Prices of ex-Australia iron ore of 62 percent Fe content for delivery to China’s Qingdao port ended last week with an increase, while they have started the current week at $92-92.4/mt CFR China, up a further $1.8/mt compared to last Friday.
Last week, after Chinese iron ore futures prices had hit their highest level of the past two years on Monday, global iron ore prices rose by $5.8/mt, resulting in increased iron ore purchases by Chinese buyers. During the course of the given week, iron ore prices rose by a total of nine percent, despite occasional slight declines.
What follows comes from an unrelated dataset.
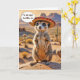 A meerkat stands upright wearing a colorful sombrero in a desert landscape with cacti and mountains in the background for a 90th birthday

In the current week, the Chinese futures market has started the week with an upward movement and Chinese semi-finished and finished steel prices have indicated sharp increases. Accordingly, global iron ore prices are not expected to weaken. On the other hand, Australian iron ore miners BHP Billiton and Fortescue Metals Group are expected to announce their financial results, according to which analysts will likely make upward revisions to their iron ore price forecasts for 2017.
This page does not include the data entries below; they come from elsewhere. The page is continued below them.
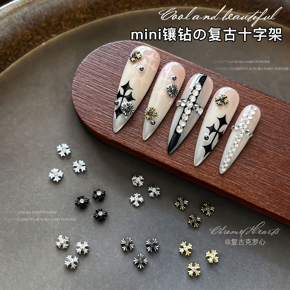 ミニクロスクローハートネイルアートジュエリーパンクスタイルパーソナライズされたダイヤモンド四芒星ネイルダイヤモンド装飾卸売
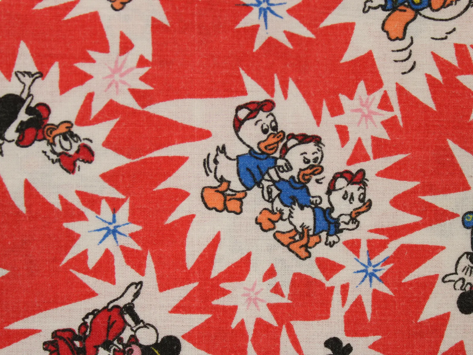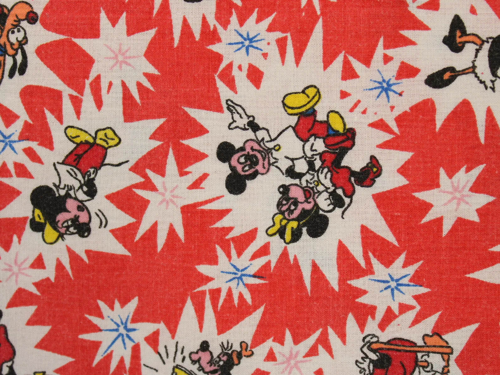 70*55 シーツ解体生地 ミッキー&フレンズ 赤 レトロ
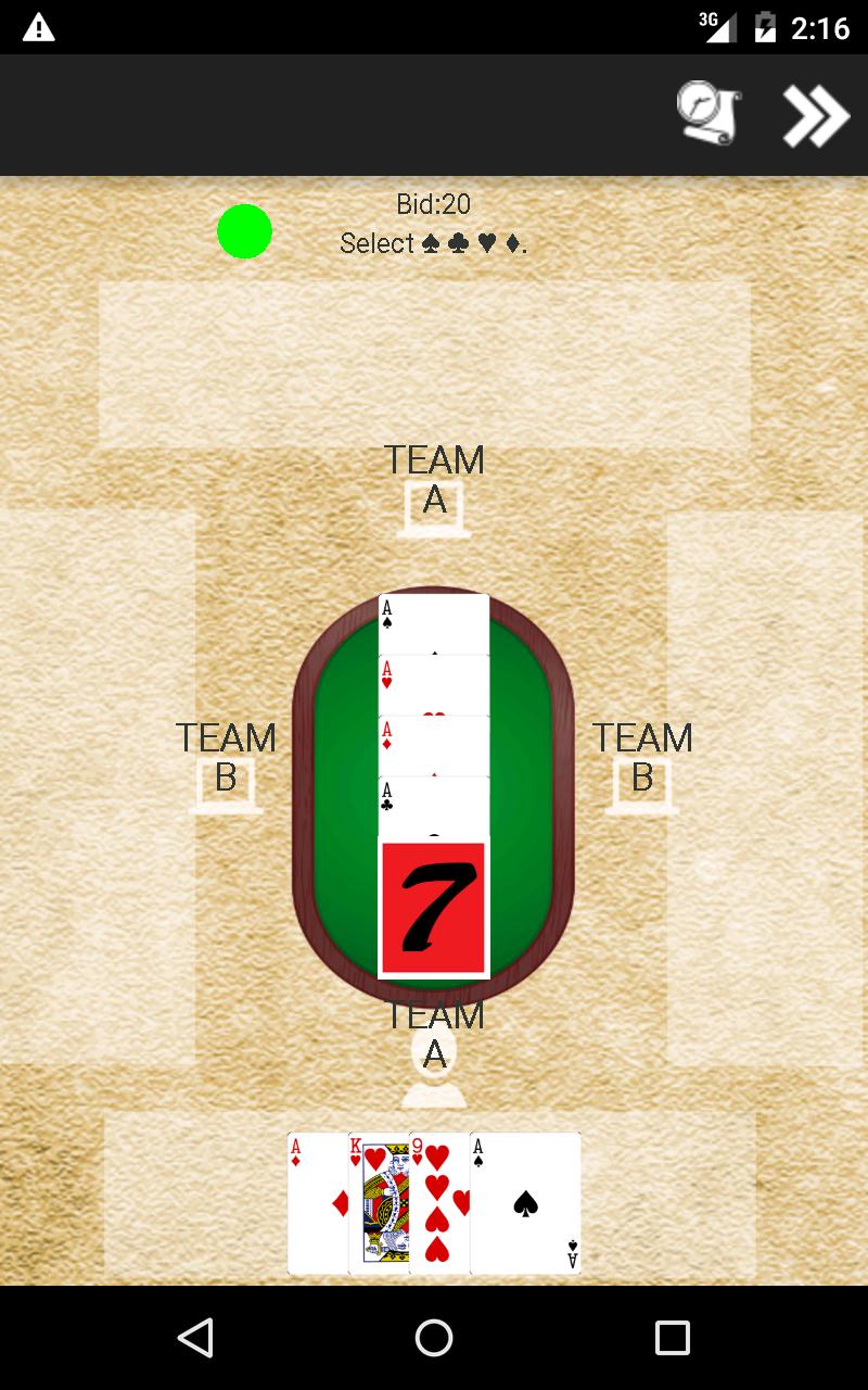 Si mientras se juega el jugador de la mano, no se juega una carta de suite. Puede elegir revelar el Trump. Al revelar que el jugador de Trump debe jugar la carta de Trump Suite. Si la carta de la suite actual no existe, el jugador puede jugar cualquier carta. En los trucos posteriores, el jugador puede elegir no jugar a Trump Suite y puede jugar una carta de cualquier suite.

Lachlan Shaw, an analyst at the investment bank UBS, said iron ore prices are much stronger than the bank had anticipated. “Even with record high (Chinese port) stocks, most other signals remain supportive in the short term and seasonally strong demand in the second quarter beckons,” Mr. Shaw said. He added that the company’s average 2017 forecast of $56/mt is likely to be revised to $66/mt.